Data extracted from a collection:
_____

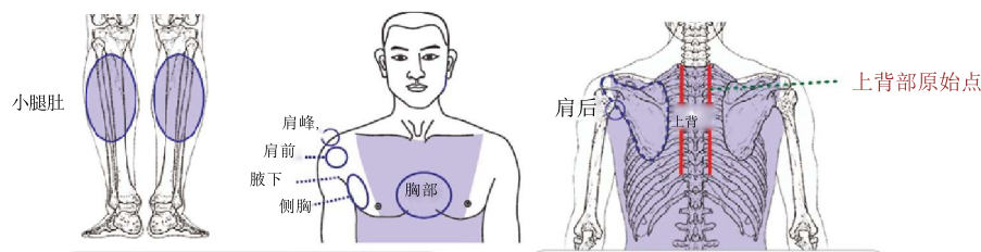 跟腰部的找法不大一样,比如说胸闷胸慌,你对过来,差不多一个掌心大就可以找得到。那如果在腹部这里对过来腰椎,它要一个掌心大。或是腰痛一定一个掌心大,他找的范围会比较大,如此而已。所以都是相似的。上背部唯一比较特殊的管理的就是小腿肚,小腿肚就是后面那里常常有时候容易怎么样?抽筋,各位有没有这种经验?有。那所以上胸椎竟然管到小腿肚,这个是比较特殊。
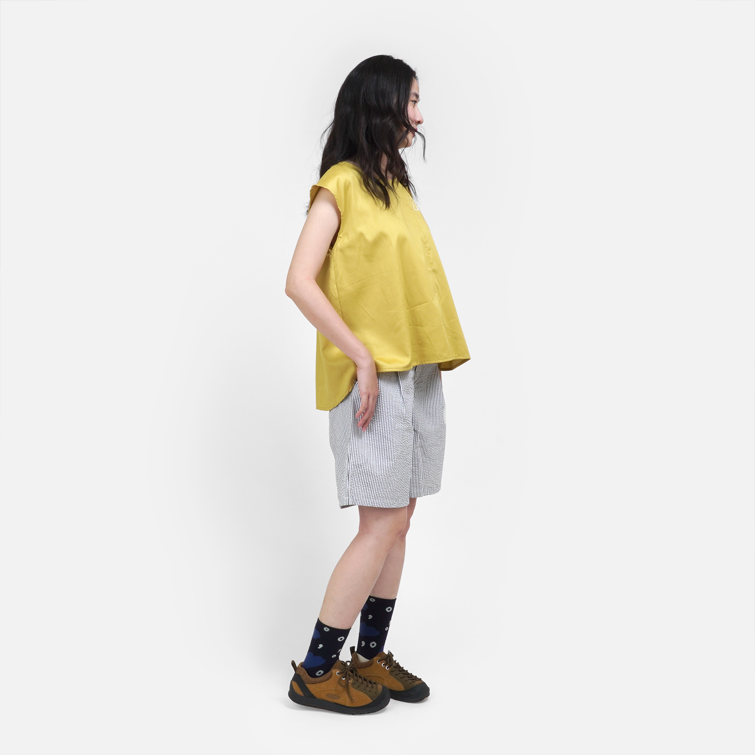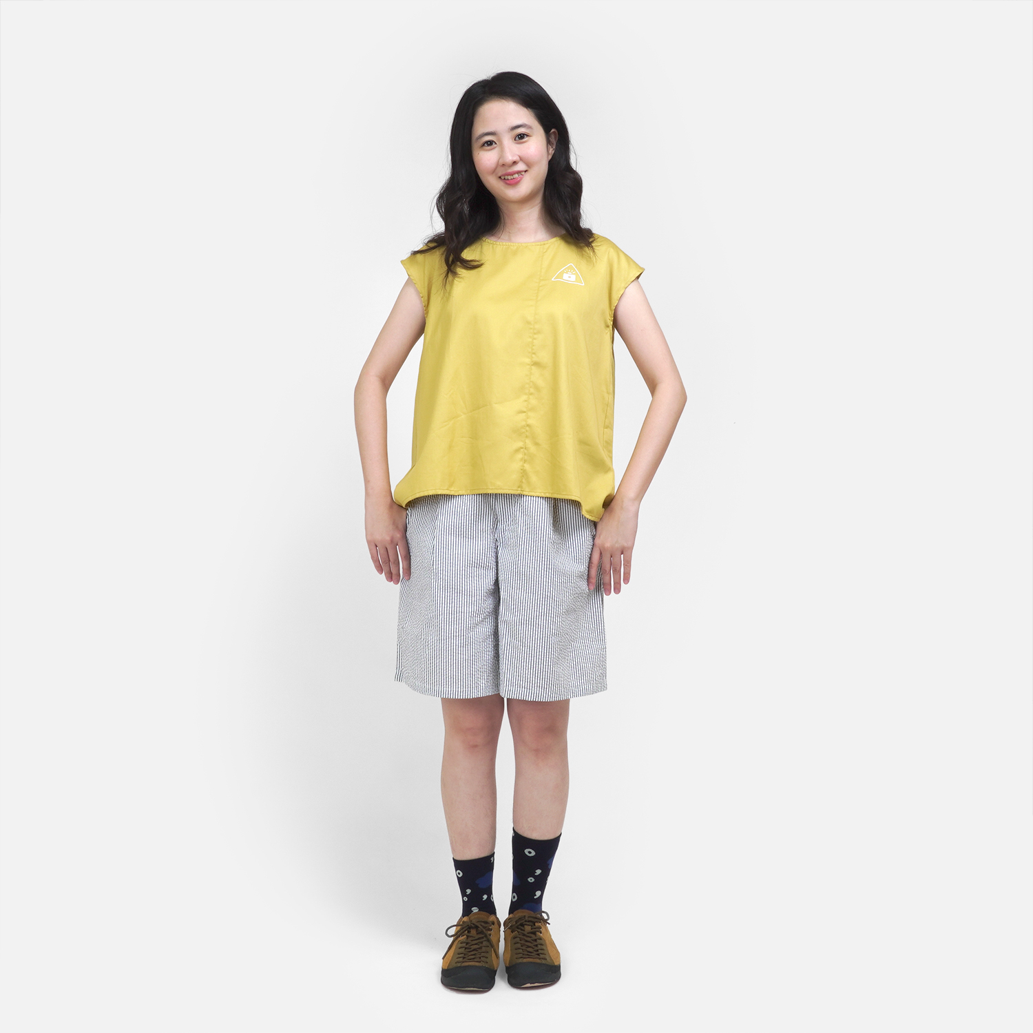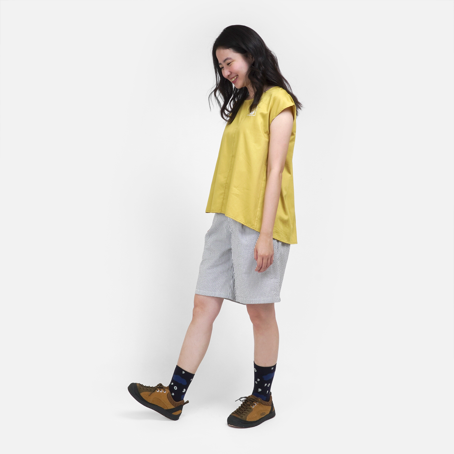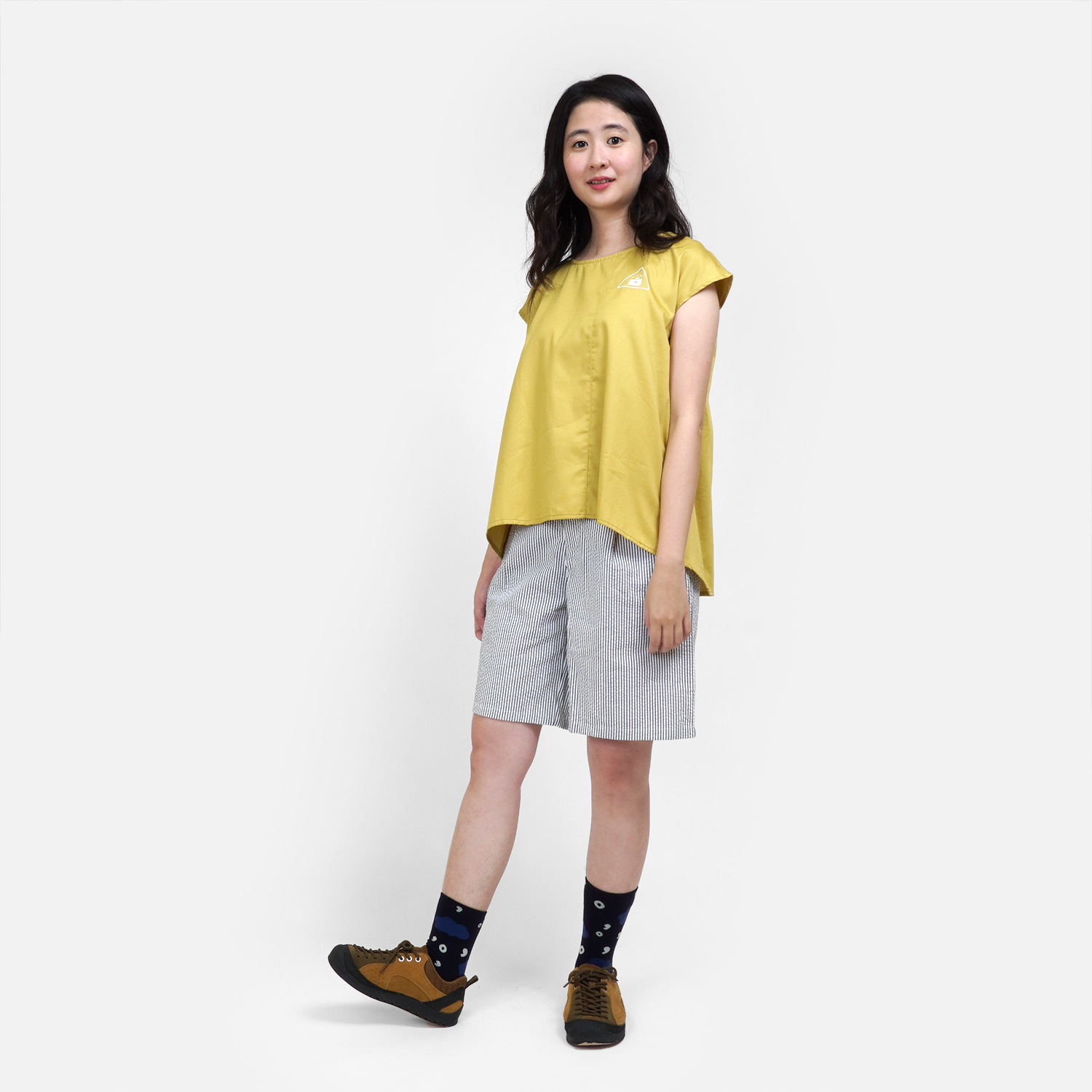 清爽的檸檬黃色,搭配 [ 窗外星空條紋打褶短褲 ]
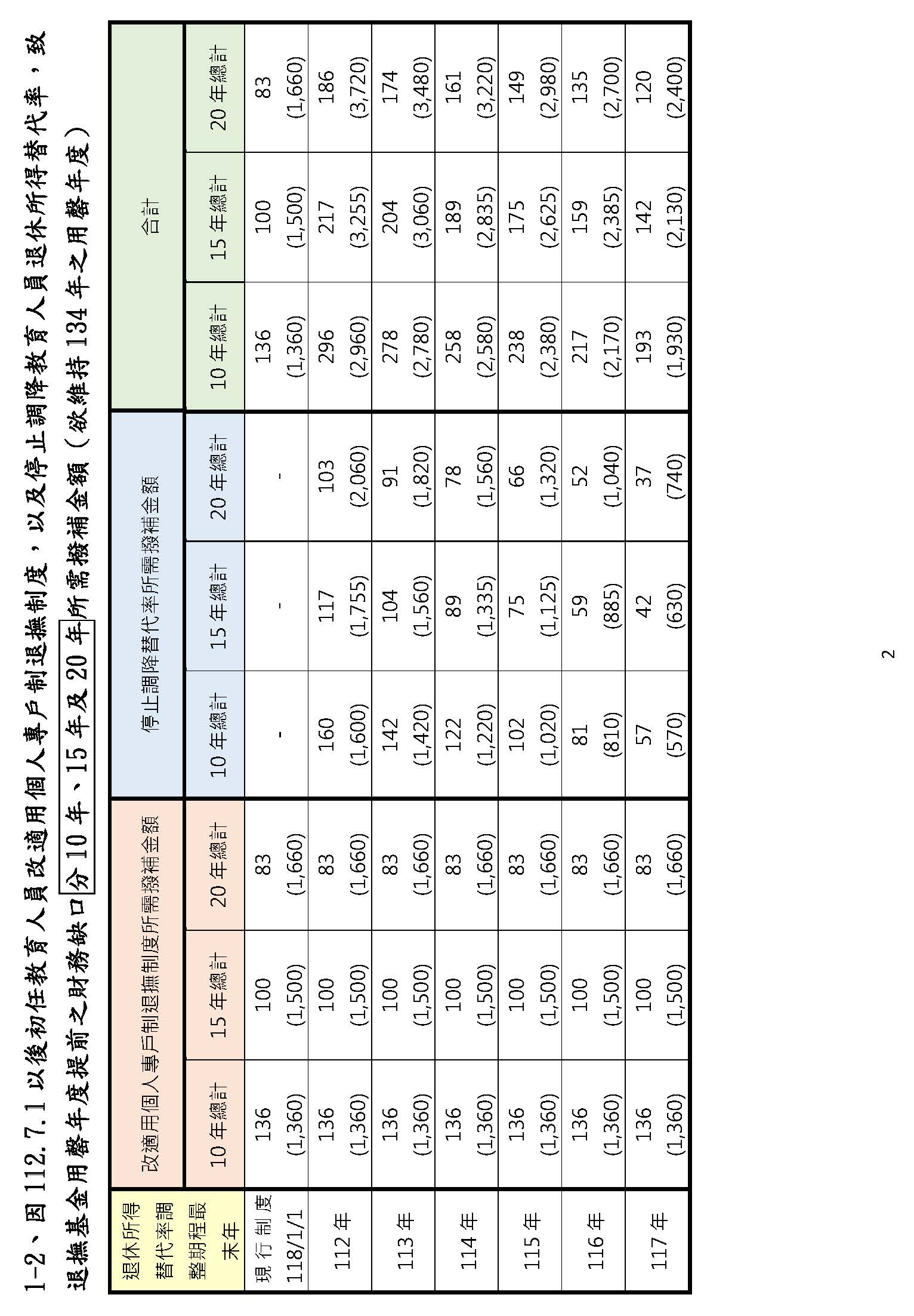 如果回過頭來,真的再不夠怎麼辦?當然政府可以撥補,但是剛剛也有委員提到那就提高費率啊!但我要跟各位報告,根據第9次精算的費率,如果這些未提存的費率真的要完全撥補,公務人員最高、最適費率要23.73%,教育人員要36.06%,這不可能嘛!我一直講,站在任何一個人執政,都不可能把費率提到那麼高,因為沒有那個費率,就不可能支撐那個給付。我是很務實的,精算報告就是那樣講,所以才說大家儘量不要再把它提早啦!我想我是很精確地這樣講,因為這都是根據精算報告來跟各位委員報告。
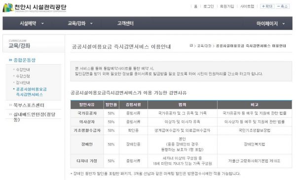 이번 서비스 시행으로 이용요금 감면 혜택을 받는 이용자들은 천안시시설관리공단 통합예약사이트를 통해 공공시설 예약 시 개인정보이용 동의만 하면 즉시 이용요금을 감면받을 수 있다.
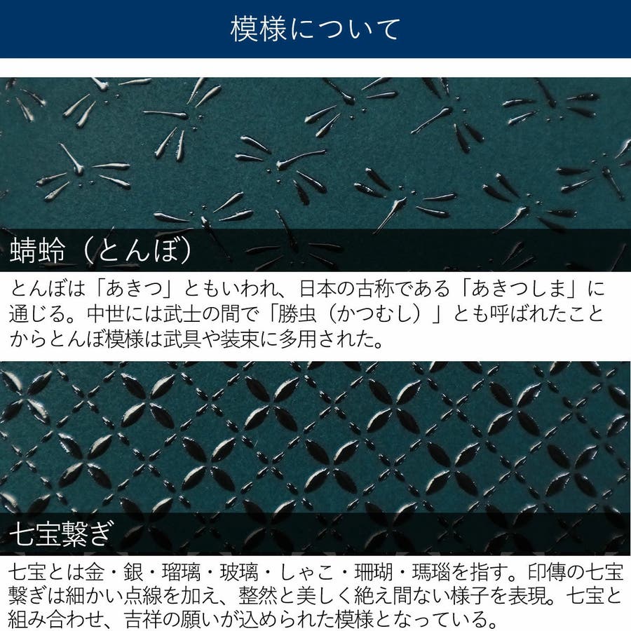 | カラー | とんぼ(黒×黒) / とんぼ(緑×黒) / 七宝繋ぎ(黒×黒) / 七宝繋ぎ(緑×黒) |

_____

Copy the final portion of the records: every line from the one containing "이번 서비스 시행으로" through the last, word for word, without pictures.

 이번 서비스 시행으로 이용요금 감면 혜택을 받는 이용자들은 천안시시설관리공단 통합예약사이트를 통해 공공시설 예약 시 개인정보이용 동의만 하면 즉시 이용요금을 감면받을 수 있다.
 | カラー | とんぼ(黒×黒) / とんぼ(緑×黒) / 七宝繋ぎ(黒×黒) / 七宝繋ぎ(緑×黒) |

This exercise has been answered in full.